Example: Restart all processes on a host

The following example illustrates how to restart all processes on a Service Manager host because the system is running out of memory. This scenario uses the following system configuration:

System property Value
Number of hosts 3
Total Service Manager processes 21
Threads per process 40
Maximum number of concurrent users expected 700
Maximum user capacity 840

This horizontally scaled configuration can support 700 concurrent users with an extra 20% capacity to handle high usage and outages.

Problem

The system administrator recently applied some new JavaScripts and since then has noted out of memory exceptions in the sm.log file. All Service Manager processes have high memory usage even when only at half capacity (20 concurrent user connections per process).

Recommendation

While the root cause of the high memory usage is being determined, the system administrator can schedule the restart the Service Manager processes on each host to occur periodically. Restarting the processes will temporarily free up system memory until the next system maintenance down time or until the root cause of the problem is identified and fixed.

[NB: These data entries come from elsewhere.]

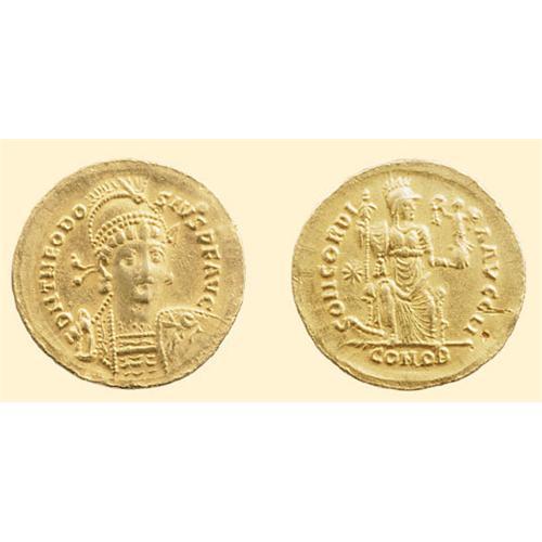 AV Solidus (4.46 g). Constantinople. DN THEODO-SIVS PF AVG, diademed, helmeted and cuirassed bust of Theodosius II three-quarters facing, holding spear and shield / CONCORDI-A AVGG H / CONOB, Constantinopolis seated facing, holding scepter and globe upon which stands Victory extending a wreath; star in left field, officina H. DO 316. RIC 202.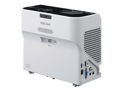 Fonctions | | Technologie Eco-Mode, Closed Caption, lecture de photos JPEG, correction de la couleur murale, fonction d'arrêt sur image (Image Freeze), possibilité d'utilisation comme tableau blanc interactif, réglage automatique de la luminosité, Real-Time Keystone Correction, Presentation Timer, Digital Zoom, partage à distance avec tableau blanc interactif Ricoh ou projecteur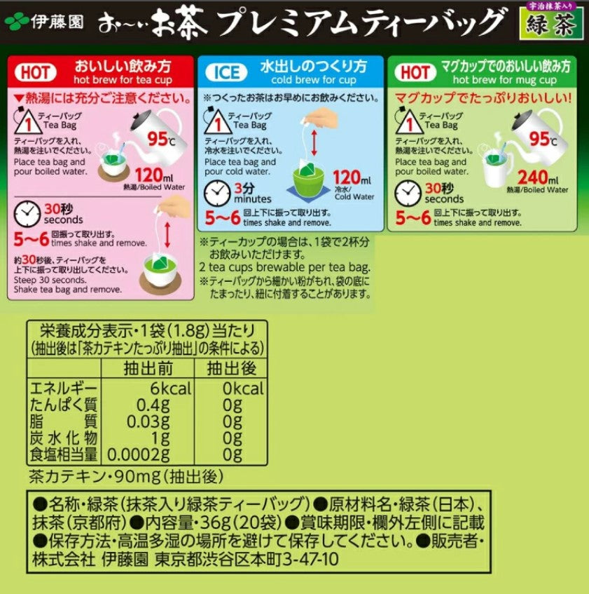 - Practicidad premium: bolsitas fáciles de usar, conservando la calidad y frescura del té japonés.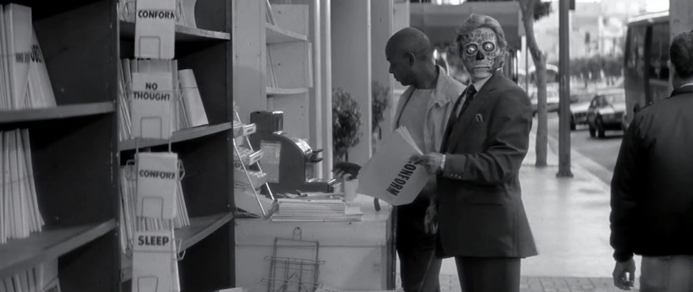 The Future. Unemployed drifter ‘Nada’ (Piper, 33) has wound up in Los Angeles and managed to snag grunt work job on a construction site. Fellow working stiff ‘Frank Armitage’ (Keith David, 31) tips Nada on basic digs at a shantytown next to a church. Some mysterious activity around the church, coupled with repeat jamming of TV broadcasts by unidentified people raising cryptic social alarm, is followed by a brutal police sweep that destroys the settlement and raids the church. Nada avoids the melee but has found something astonishing that reveals something horrible: a special type of sunglasses that when worn show that many members of the population are actually a type of hideous alien, posing as humans with the intent to enslave the population, loot and dominate the planet, with the changing atmosphere turning into one more hospitable for their specie. Nada tries to alert ‘Holly’ (Meg Foster) who works at a TV station, and convinces skeptical Frank to ‘see the light’, and join him in taking up arms against the demonic invaders. Patience and bubblegum supply exhausted, Nada’s smiting of butt-ugly buttocks commences with extreme prejudice.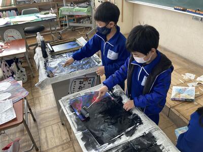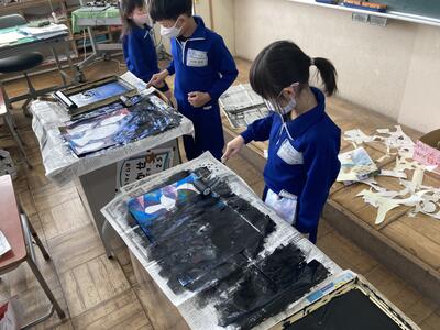 今日は、ローラーを使って黒インクを塗り、仕上げをしました。

The administrator uses an operating system scheduler to run the following commands at midnight every three days:

sm -restart:0 -host:<host1>
sm -restart:180 -host:<host2>
sm -restart:360 -host:<host3>

These commands cause host1 to restart immediately, host2 to restart in three hours, and host3 to restart in six hours. To avoid having all Service Manager processes on a host quiesced at one time, the administrator adds the following parameters to the sm.ini file on each host:

restartRandMax:60
restartGraceInterval:15

The restartRandMax:60 value ensures that each host finishes restarting all Service Manager process within one hour of receiving the restart command. In this case, host1 restarts anywhere from 0 to 60 minutes after receiving the restart command; host2 restarts after 180 to 240 minutes, and host3 restarts after 360 to 420 minutes. The restartGraceInterval:15 value ensures that users on each Service Manager process have 15 minutes to save their work and re-login before the process restarts. Users who log off one process can immediately re-login and continue work on another available process.

Note: A host restart command does not restart the load balancer process. The only way to restart a load balancer process is to specify it by process ID. The system cannot accept new connection requests until after the load balancer process restarts.